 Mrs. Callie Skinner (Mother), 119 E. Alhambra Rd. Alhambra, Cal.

________

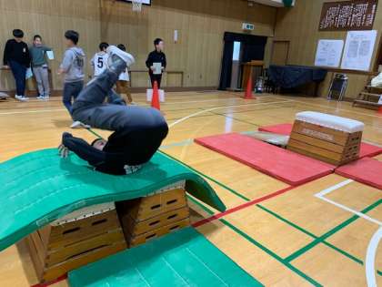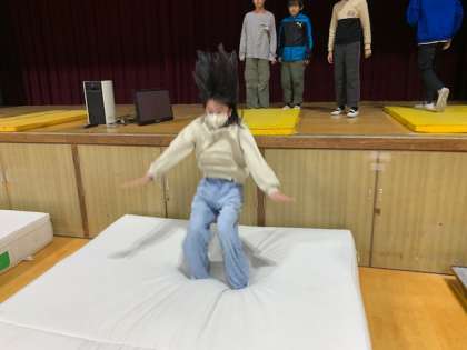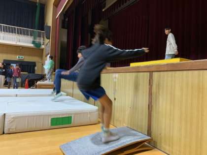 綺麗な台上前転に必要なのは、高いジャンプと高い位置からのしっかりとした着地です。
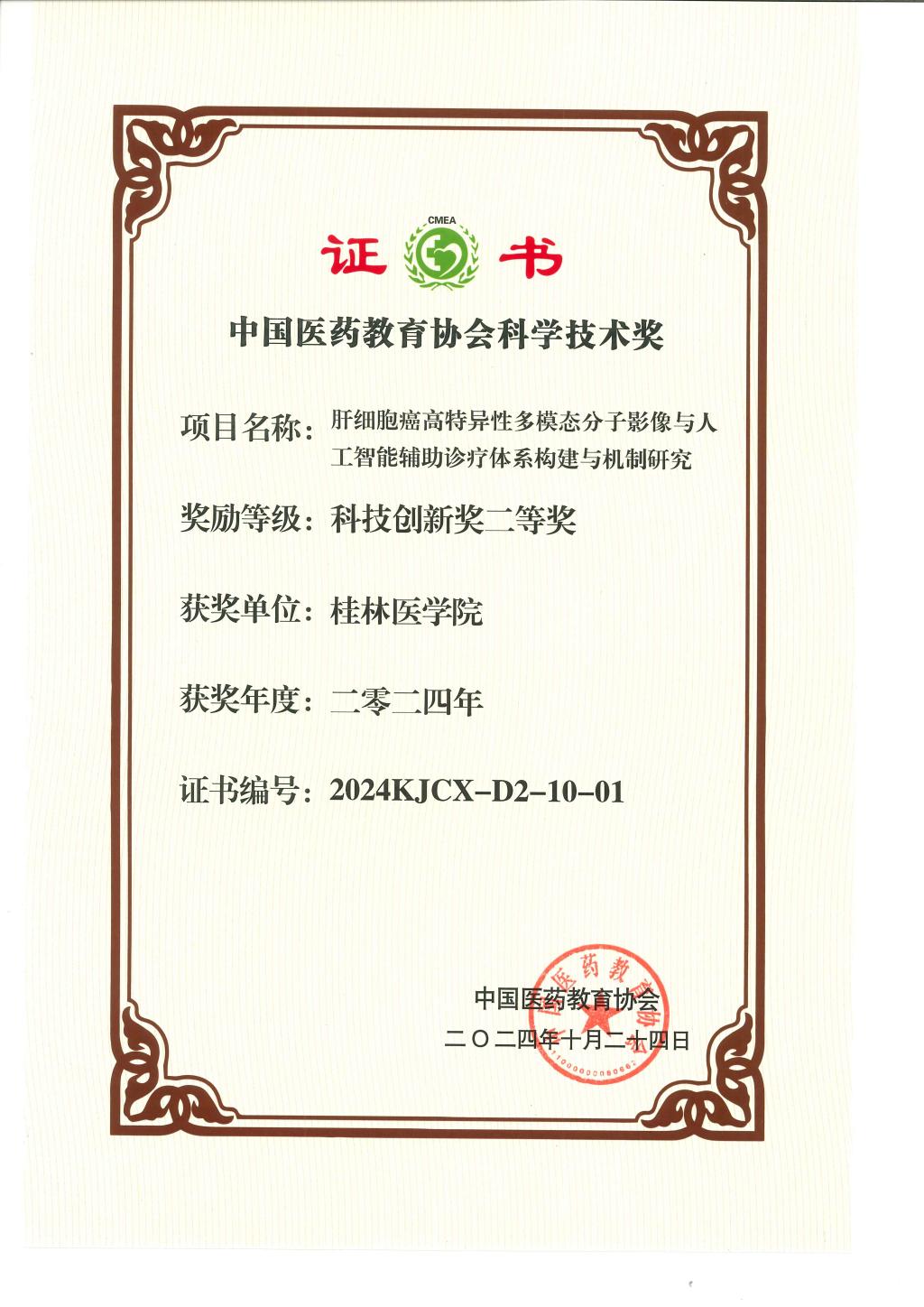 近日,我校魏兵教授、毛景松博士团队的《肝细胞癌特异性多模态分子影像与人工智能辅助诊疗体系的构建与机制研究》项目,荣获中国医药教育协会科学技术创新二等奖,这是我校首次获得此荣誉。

________

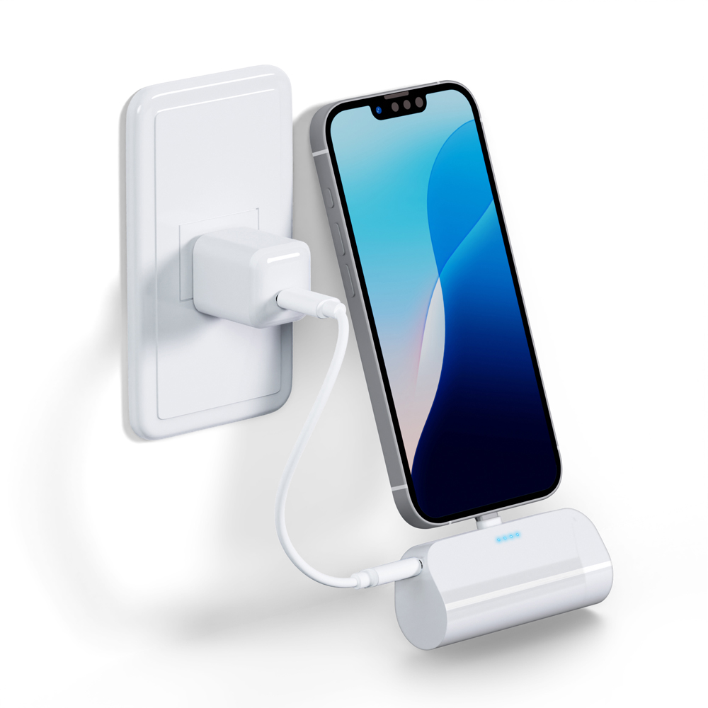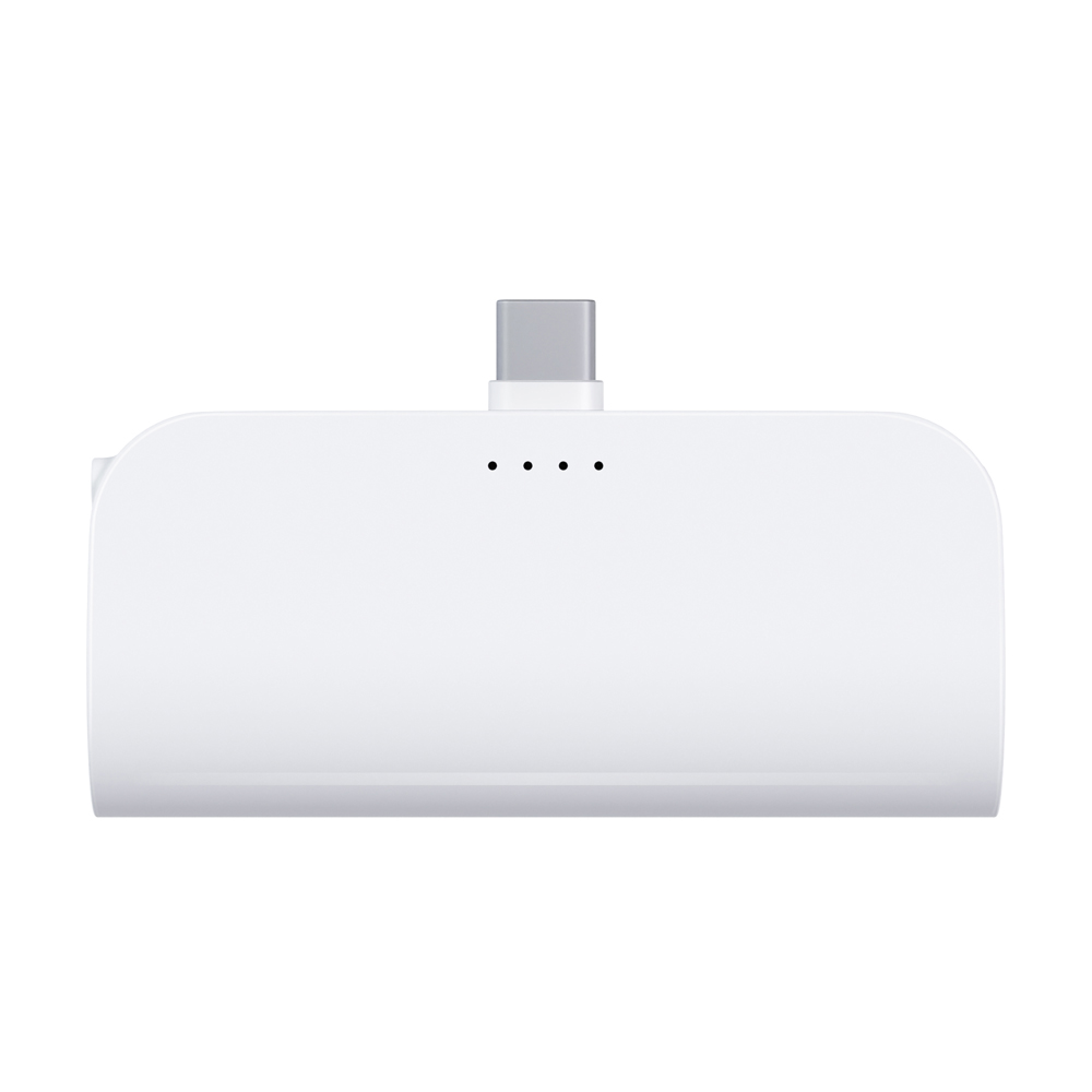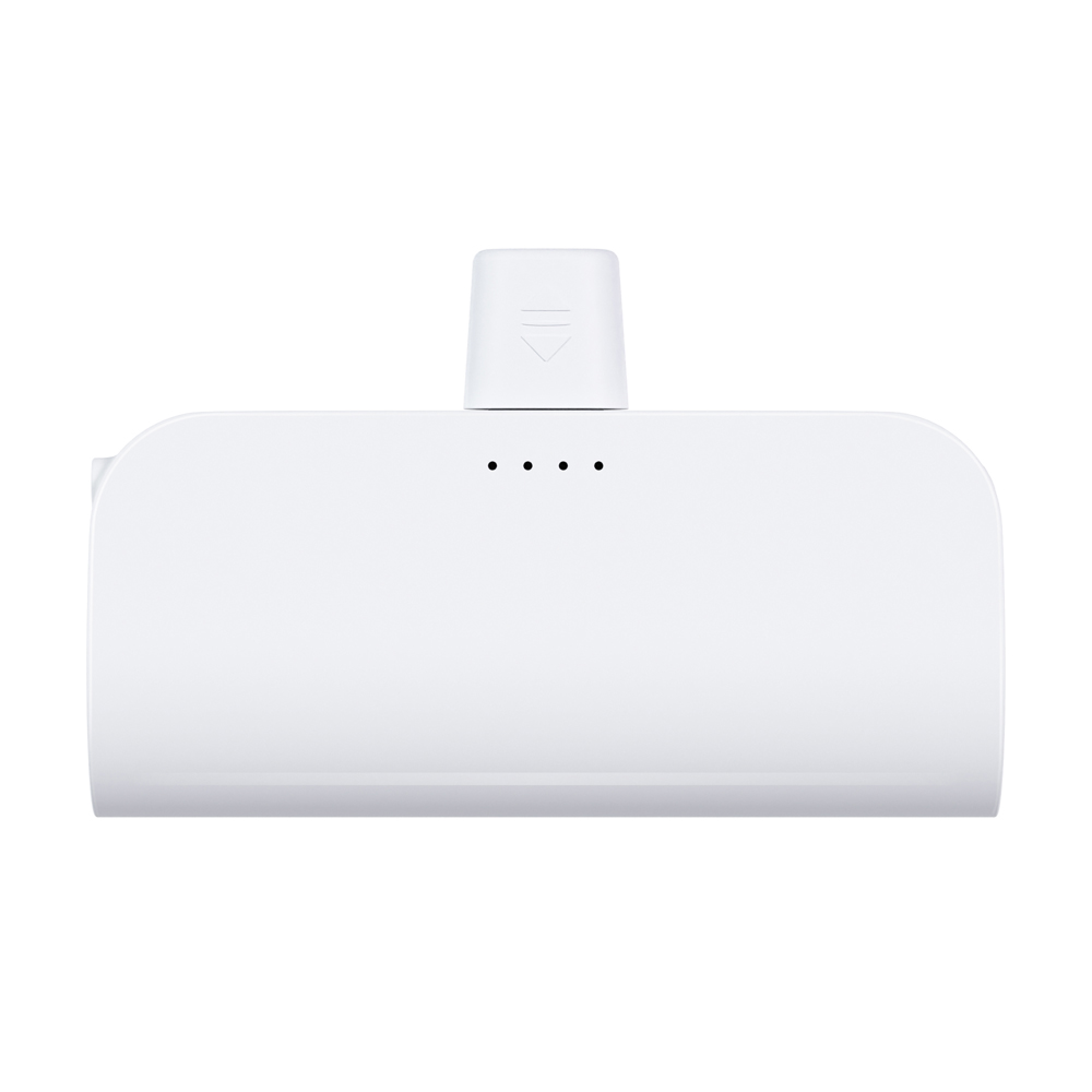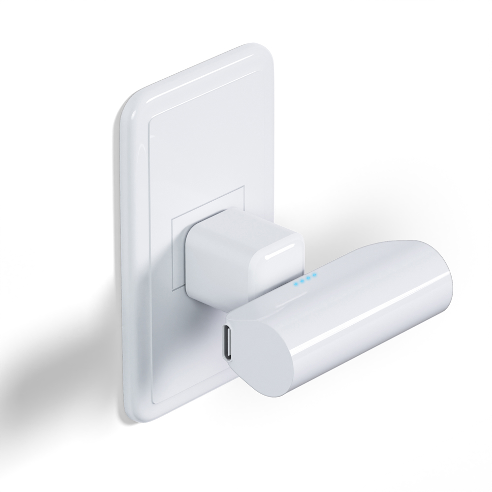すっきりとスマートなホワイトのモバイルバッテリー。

________

Please transcribe exactly the part of the records that opens with the line containing "綺麗な台上前転に必要なのは、" and closes with the line containing "近日,我校魏兵教授、毛景松博", both ends included, and leave out the pictures.

 綺麗な台上前転に必要なのは、高いジャンプと高い位置からのしっかりとした着地です。
 近日,我校魏兵教授、毛景松博士团队的《肝细胞癌特异性多模态分子影像与人工智能辅助诊疗体系的构建与机制研究》项目,荣获中国医药教育协会科学技术创新二等奖,这是我校首次获得此荣誉。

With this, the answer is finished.